(Source records)
• • • •

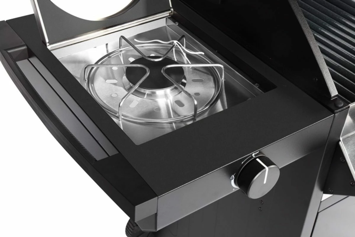 – 1 Quemador lateral con tapa integrado en la mesa lateral izquierda con encendido piezo electrónico.
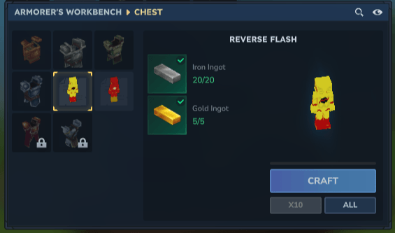 Добавить Флэш и Обратный Flash Костюмы, которые увеличивают скорость движения игрока.
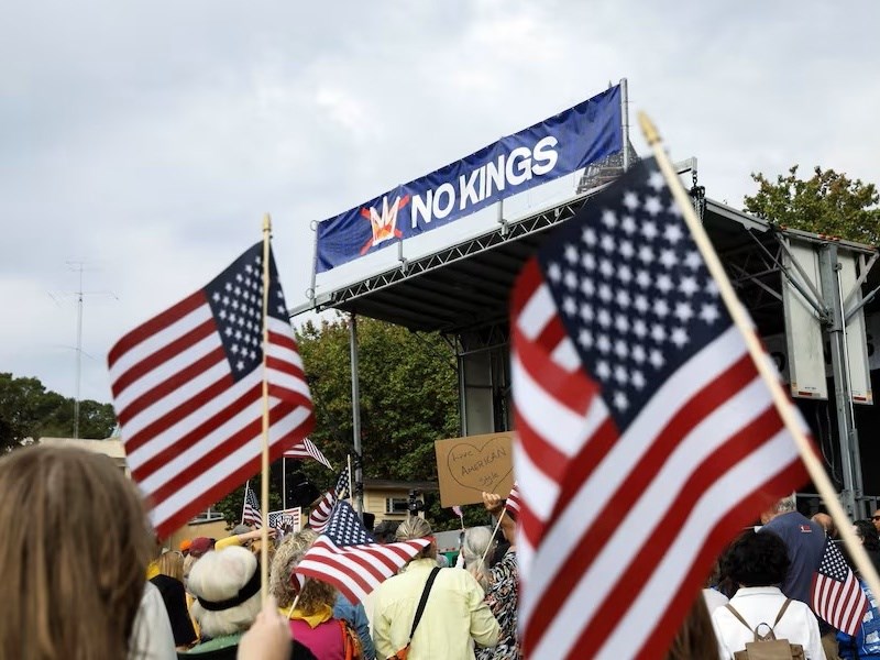 在俄勒岡州波特蘭(Portland)的河畔地區,70歲的退伍軍人布瑞斯(Kevin Brice)與數千名抗議者一同湧入集會現場,他穿著一件印有「自1776年起,我們沒有國王」(No Kings since 1776)標語的黑色運動衫。
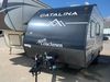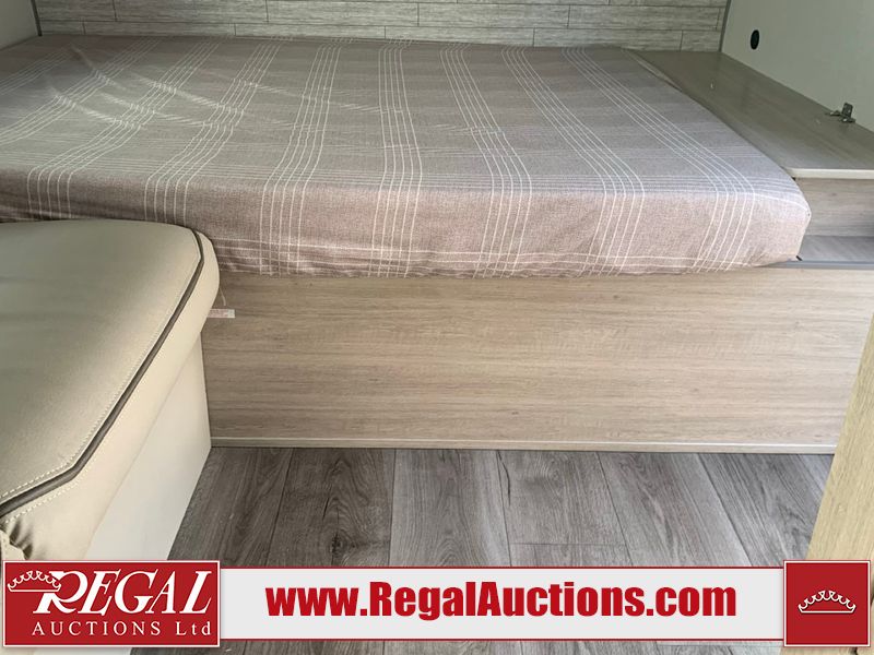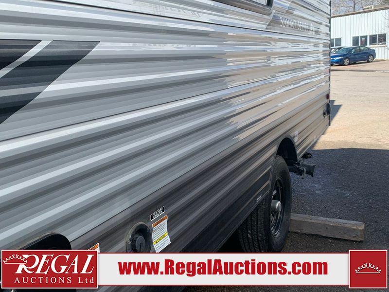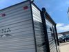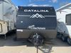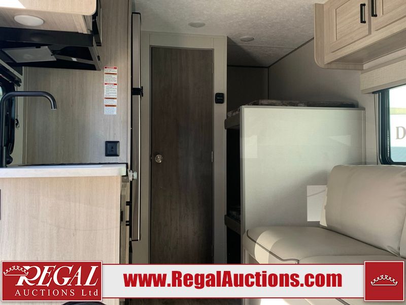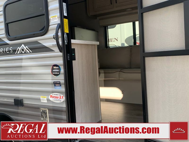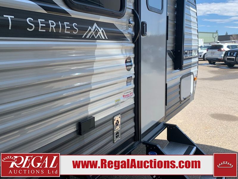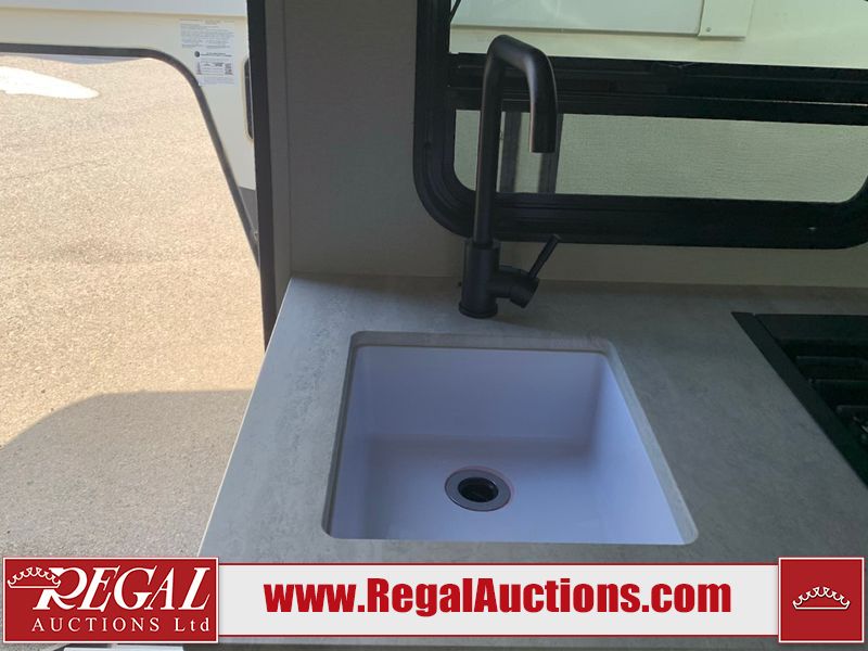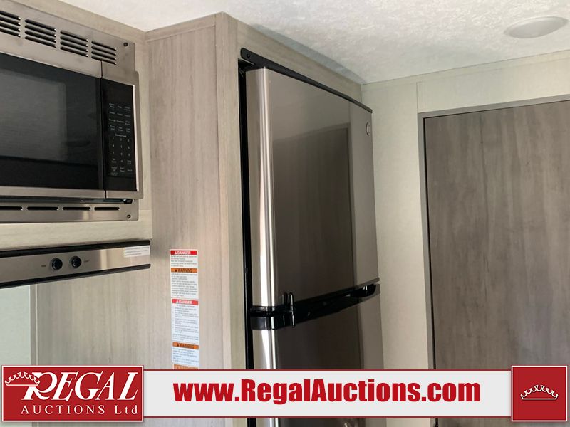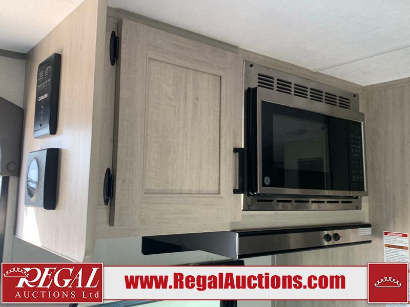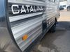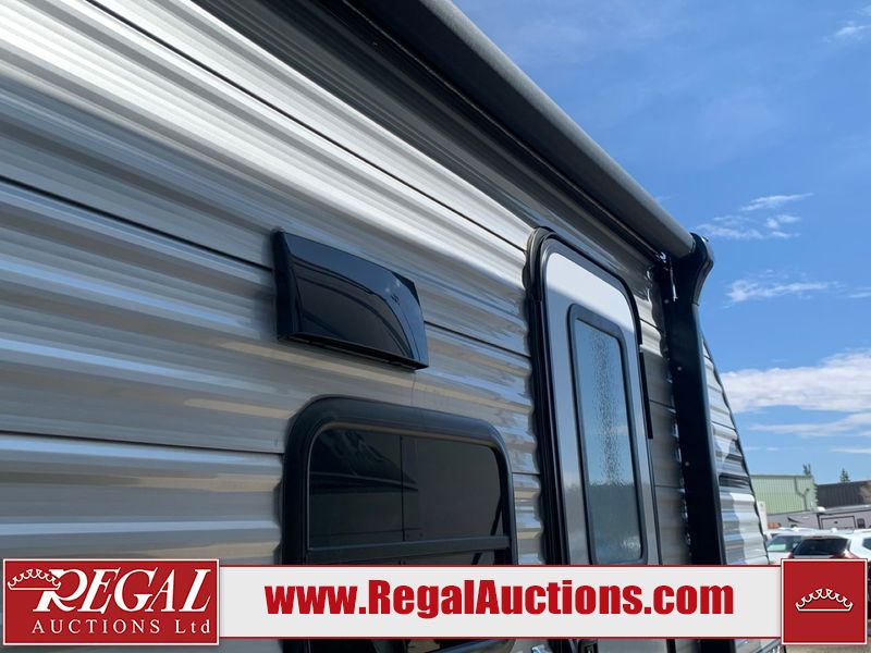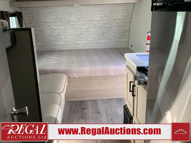 This RV is a 2024 Forest River Catalina SBX 164BHX model single axle bumper pull trailer. It has a single door entry and roof air. The interior is clean. There are some stains on the floor. The refrigerator has a dent. The exterior walls are made out of soft wall aluminum. There are minor scratches around the RV. This unit is missing the battery and propane tank. The tires are mounted to steel wheels and appear to be in good enough condition for use. This unit is equipped with a stereo, microwave, two burner stove top, and a refrigerator. The layout consists of the master bedroom in the front, living area/kitchenette in the centre, and a bunkhouse/bathroom at the rear.
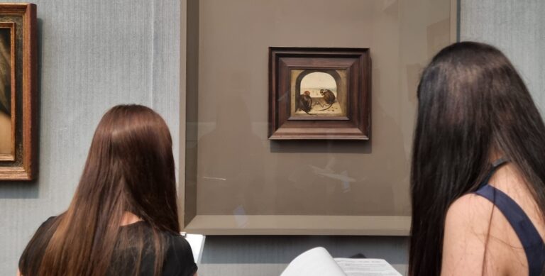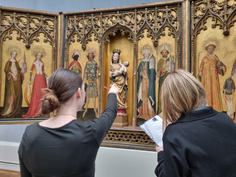 Mit dieser Frage beschäftigten wir uns im Unterricht und wissen deshalb: es gibt ganz viele verschiedene Möglichkeiten. Größenabnahme und Überdeckung kennt ja jeder, spannender sind da schon Luft- und Farbperspektive. Profis kennen nicht nur Begriffe wie Fluchtlinien und Fluchtpunkt, sondern können die Zentralperspektive auch selbst konstruieren! Die Entwicklung der Darstellung von Räumlichkeit lässt sich vor den Werken in der Gemäldegalerie in Berlin sehr gut nachvollziehen!
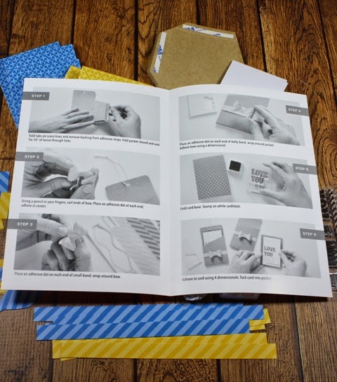 The "Love You A Lot" kit includes a photopolymer stamp set, two different colors of Stampin' Up! ink pads, 8 cards in 2 colors, 8 white cardstock pieces, 2 sheets of ready-to-assemble paper bows, 8 kraft pockets, two colors of baker's twine, 50 adhesive dots, and 50 adhesive 3D foam dots.

• • • •

INSTRUCTIONS TO FOLLOW ▸
Your answer must be the exact lines from the start of the data through the line with "Добавить Флэш и", inclusive, and nothing else; pictures do not belong in it.

ANSWER TO THIS PROBLEM ▸
 – 1 Quemador lateral con tapa integrado en la mesa lateral izquierda con encendido piezo electrónico.
 Добавить Флэш и Обратный Flash Костюмы, которые увеличивают скорость движения игрока.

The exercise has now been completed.